На ней простенькая белая панамка, сиреневое платье с рукавами выше локтей. Руки у нее стали бурыми. А лицо? Посмотрелась в зеркало: тоже потемнело от загара. Если бы увидел Иван, пожалуй, не узнал бы. Хотя по волосам мог бы. Не выгорели. Все такие же светлые, волнистые…

Июль — самый жаркий месяц — она проведет в деревне, и загара еще прибавится. Такой — шоколадной — и приедет из Сибири в Москву. Пусть Иван дивится!

На каждой пристани Глаша выходила на берег, покупала землянику в берестяных бурачках. Когда «Дедушка» подавал отвальные гудки, смотрела с палубы на пассажиров, сгрудившихся к трапу. И на первой же пристани заметила хромого в брезентовой приискательской куртке, в мятом картузе, с котомкой за плечами. И чуть не встрепенулась от радости: «Здесь он! Уцелел!»

Когда «Дедушка» снова двинулся в путь, спустилась вниз, заглянула в каждый уголок, где ютились палубные пассажиры с мешками и корзинками, но Ошуркова нигде не было видно. Стреляный воробей! Схоронился где-то в надежном месте.
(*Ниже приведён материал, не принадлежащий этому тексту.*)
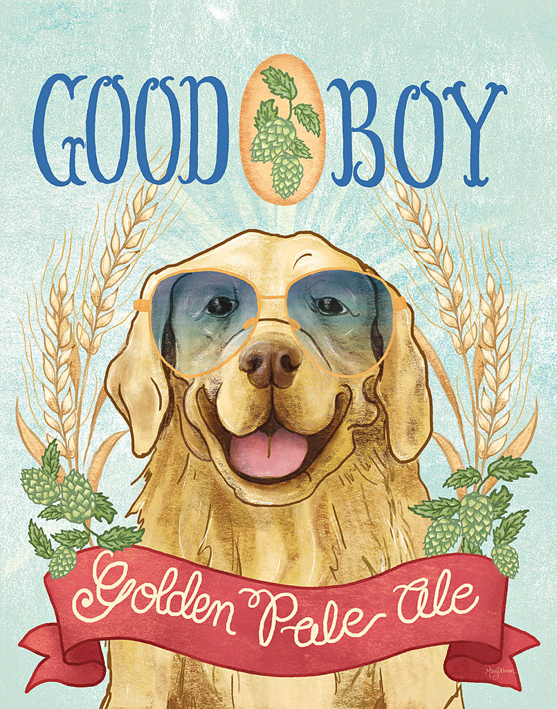 Brighten up your living space with this charming and whimsical art print that blends a love for furry friends with the delightful spirit of craft brews. Our "Good Boy Golden Pale Ale" art print is a must-have for any dog lover or craft beer aficionado looking to add a playful touch to their wall decor collection. Featuring an adorable golden retriever adorned with a pair of classic aviator sunglasses, this captivating piece sets a joyful tone in any room. The detailed illustration showcases sprigs of hops and barley, adding a subtle nod to the beer theme, while a vintage-inspired banner reads "Golden Pale Ale," completing the design with a rustic flair. Crafted with attention to detail, the art print boasts a soft pastel blue background that complements the warm golden tones of the retriever's fur, making it a versatile addition to both modern and traditional decors. Whether it's displayed in your home bar, kitchen, or living room, it's sure to spark conversations and bring smiles. This delightful print not only serves as a cute and quirky wall decoration but also as an ode to man's best friend and the art of brewing. Its unique style makes it an excellent gift for pet lovers, homebrewers, or anyone looking to enhance their interior with a touch of whimsy and charm. Elevate your wall art collection with this endearing "Good Boy Golden Pale Ale" print, and infuse your home with personality, comfort, and a splash of playful character.For more art by Mary Urban click here.

И не зря поопасался: «Дедушку» посередине реки остановил дозор. Дородные, раскрасневшиеся от жары и испарины полицейские, стуча ножнами шашек, поднялись из лодки на палубу, обшарили весь пароход. И спустились не солоно хлебавши. Кого они искали? Может, бродягу, убежавшего с каторги. Может, «политика», исчезнувшего с места «водворения». А может, им были даны приметы Ошуркова.

На следующий день Глаша поднялась на рассвете, накинула платок на плечи, пробежала по палубе. Глянула на нос парохода. Ошурков сидел на бухте толстого каната и разговаривал с вахтенным матросом. Из рубки раздался отрывистый свисток. Матрос взял наметку с полосатыми отметинами и, опустив за борт, крикнул наверх:

— Не маячит!

Ошурков поднялся, чтобы немного размяться; увидев Глашу наверху, шевельнул сивыми бровями. Дескать, рад, что на Столбах тогда они успели улизнуть от жандармов. Глаша улыбнулась в ответ и чуть заметно качнула головой. Он поймет: «Рада видеть на воле».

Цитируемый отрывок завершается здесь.